Arbutus Biopharma and Vaccitech have signed a clinical trial collaboration agreement for an RNAi therapeutic plus immunotherapeutic to treat patients with chronic hepatitis B virus (HBV) infection (CHB).
The multi-centre Phase IIa trial will enrol patients who are on standard of care nucleos(t)ide reverse transcriptase inhibitor (NrtI) therapy.
It will assess the safety, pharmacokinetics, immunogenicity and antiviral activity of treatment with Arbutus’s GalNAc delivered RNAi therapeutic, AB-729, and then Vaccitech’s immunotherapeutic, VTP-300.
AB-729 blocks viral replication and mitigates all HBV antigens, including the hepatitis B surface antigen, in preclinical studies while VTP-300 is designed to induce an immune response against the virus.
Arbutus Biopharma chief development officer Gaston Picchio said: “We believe combining AB-729, which is designed to reduce HBsAg resulting in increased HBV immune responses with VTP-300, an immunotherapeutic designed to elicit an HBV specific immune response, may offer patients with CHB a much needed and durable functional cure.”
Arbutus will oversee the Phase IIa trial, which is set to launch in the second half of this year.
A joint development committee with both Arbutus and Vaccitech representatives will also supervise the study.
Yet to receive regulatory approval, the trial will recruit 40 NrtI-suppressed, hepatitis B e-antigen negative or positive, non-cirrhotic CHB patients, who will receive AB-729 plus NrtI for 24 weeks.

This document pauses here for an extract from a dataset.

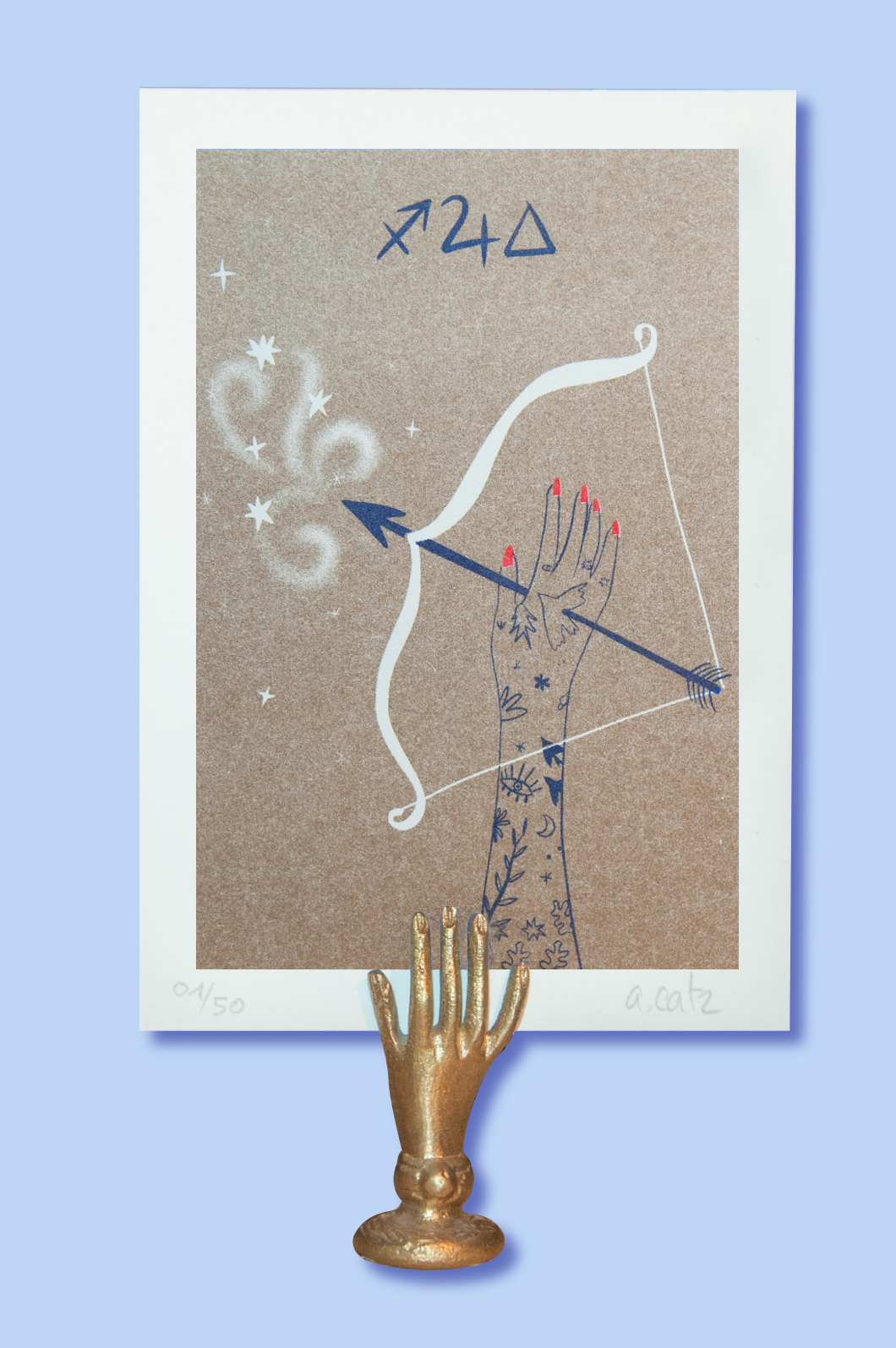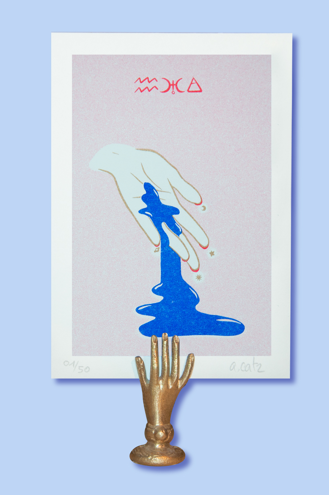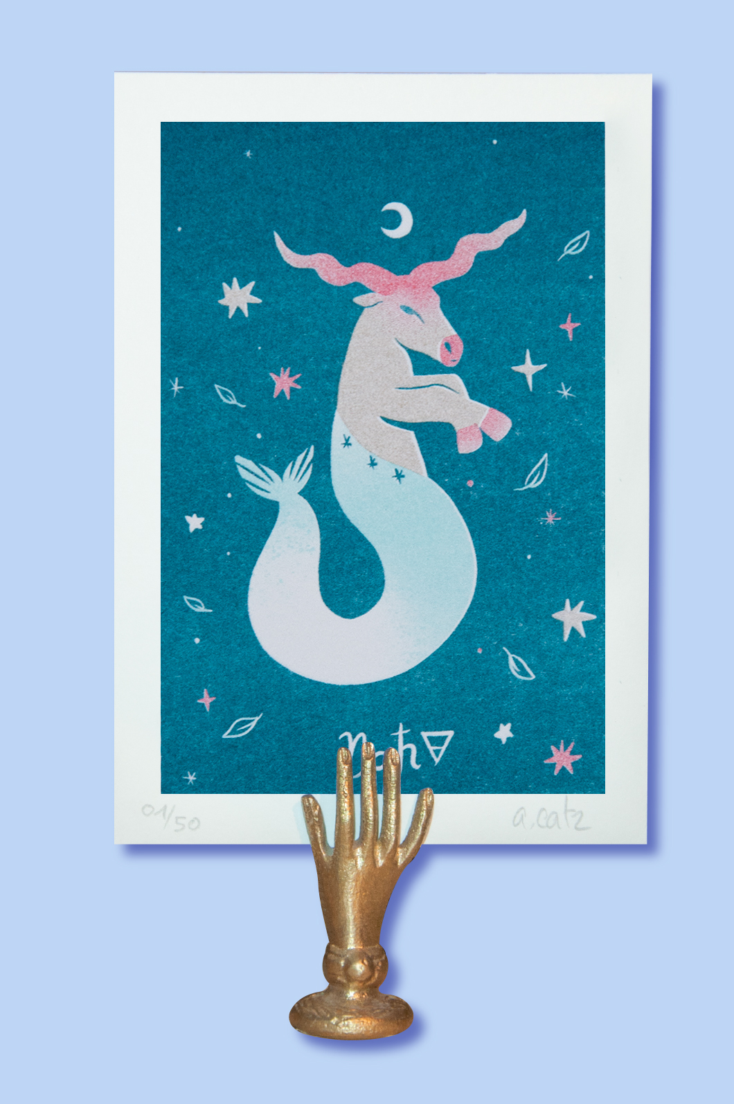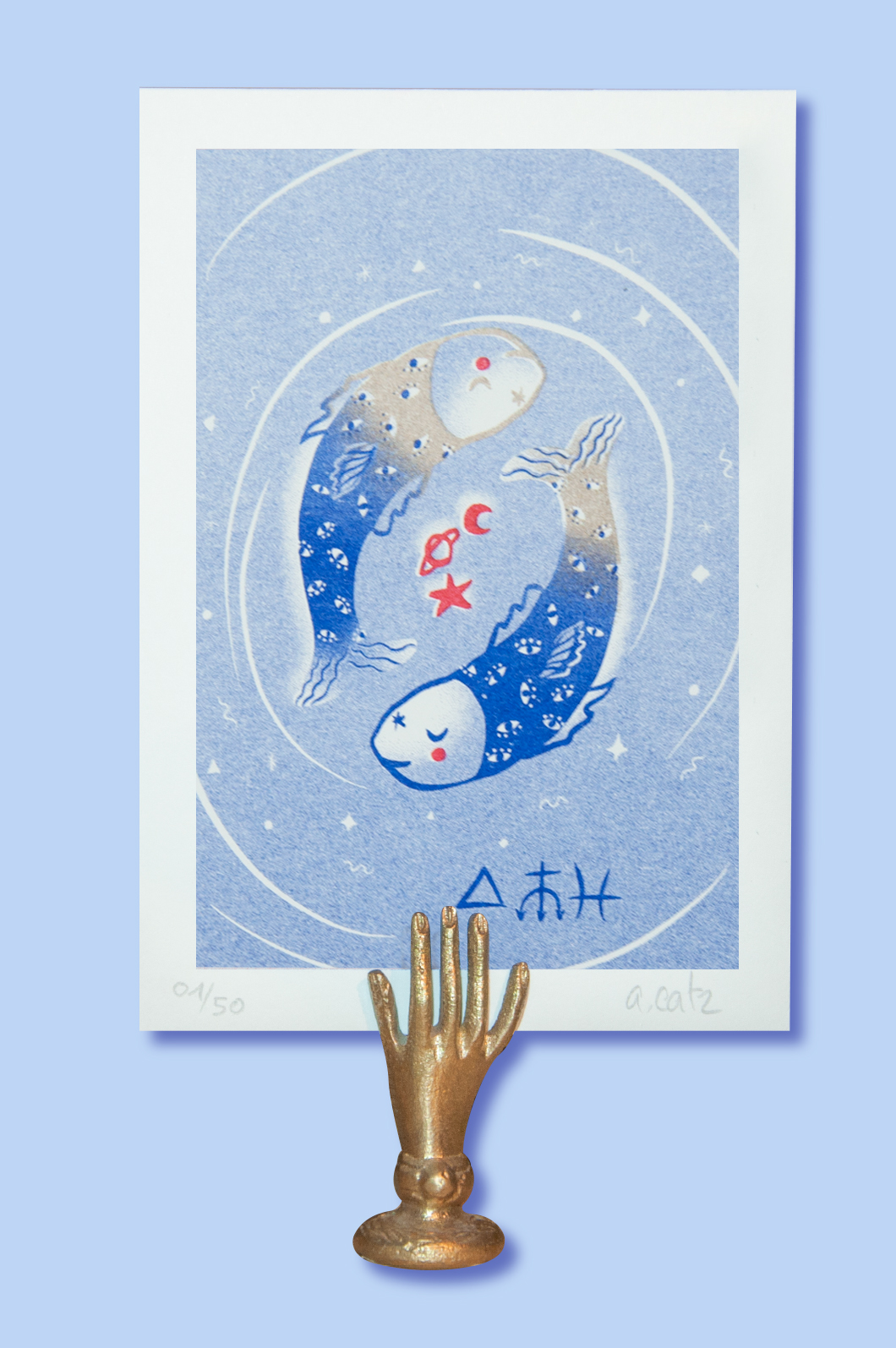Carte signe astro des 12 signes, risographie numérotée et signée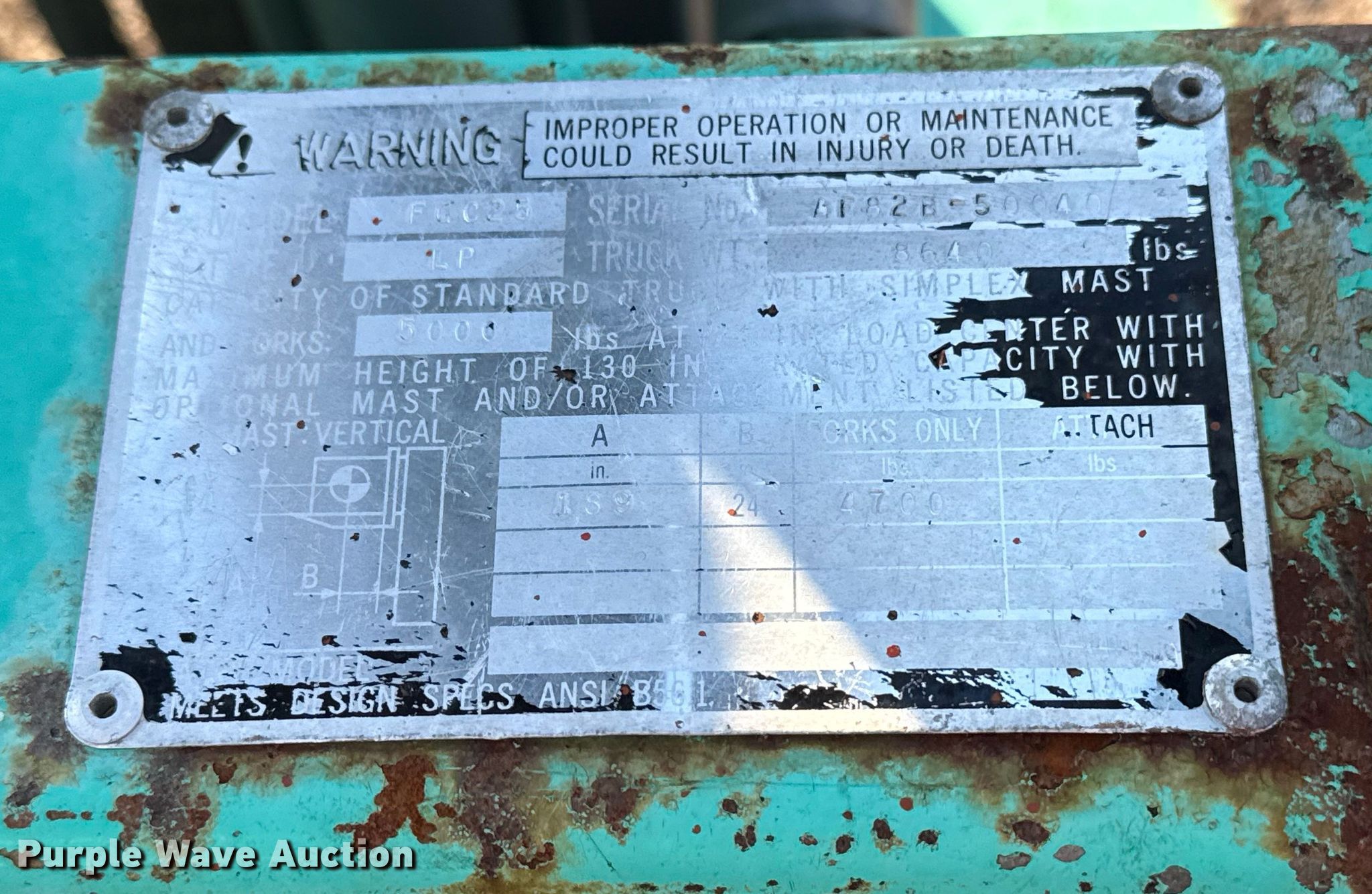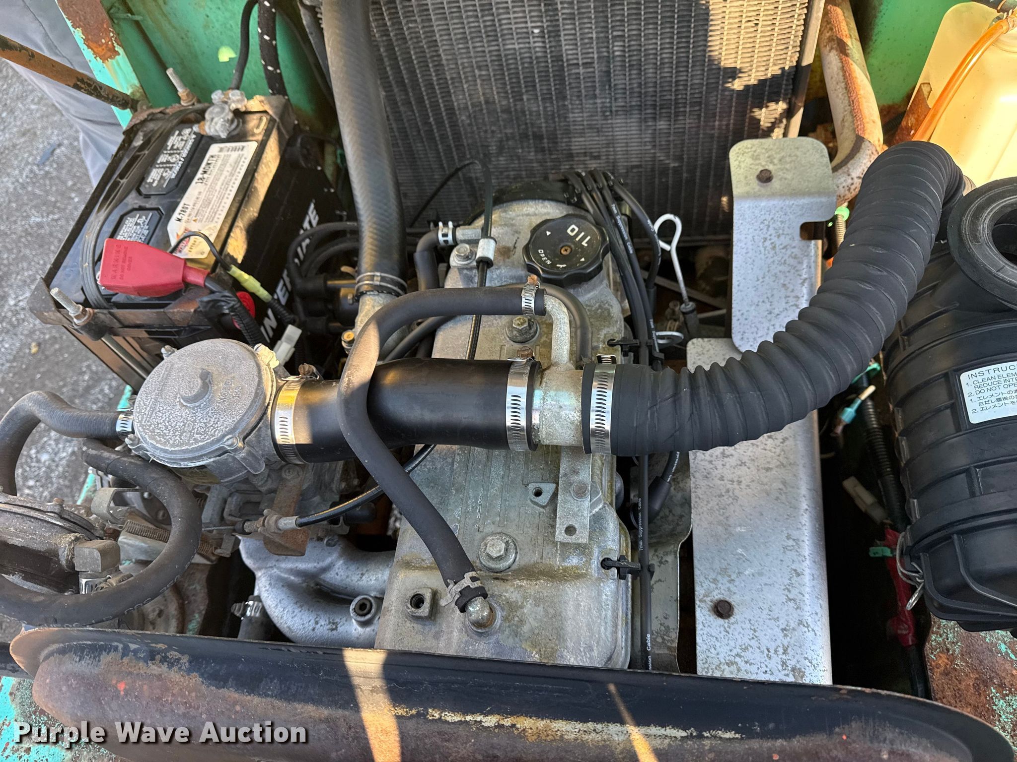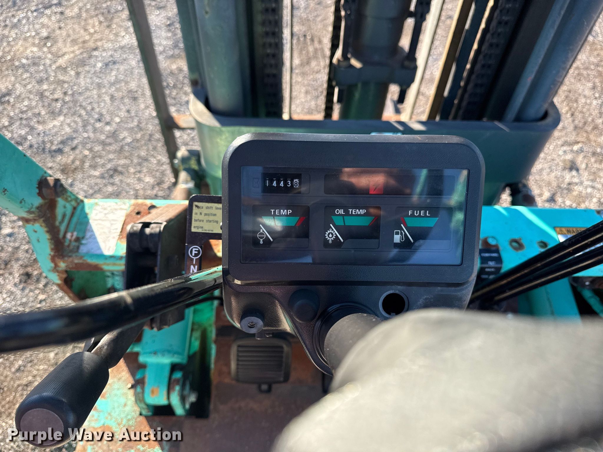 Purple Wave is selling a used Warehouse Forklift in Oklahoma. This item is a Mitsubishi FGC25 forklift with the following: Hours: 1,444 on meter, Serial: AF82B-50040

At week 24, participants will be given either NrtI plus VTP-300 or NrtI plus VTP-300 sham.
At week 48, all participants will be analysed for eligibility to discontinue all therapy or remain on their NrtI alone. Participants will be followed for another 48 weeks.
Arbutus and Vaccitech have complete rights to their respective candidates and will share all trial expenses.
Based on data from the Phase IIa trial, the companies plan to conduct a bigger Phase IIb study.
In March 2020, Arbutus reported positive preliminary data from a Phase Ia/Ib trial of AB-729 in healthy volunteers and patients with CHB on nucleos(t)ide antiviral treatment.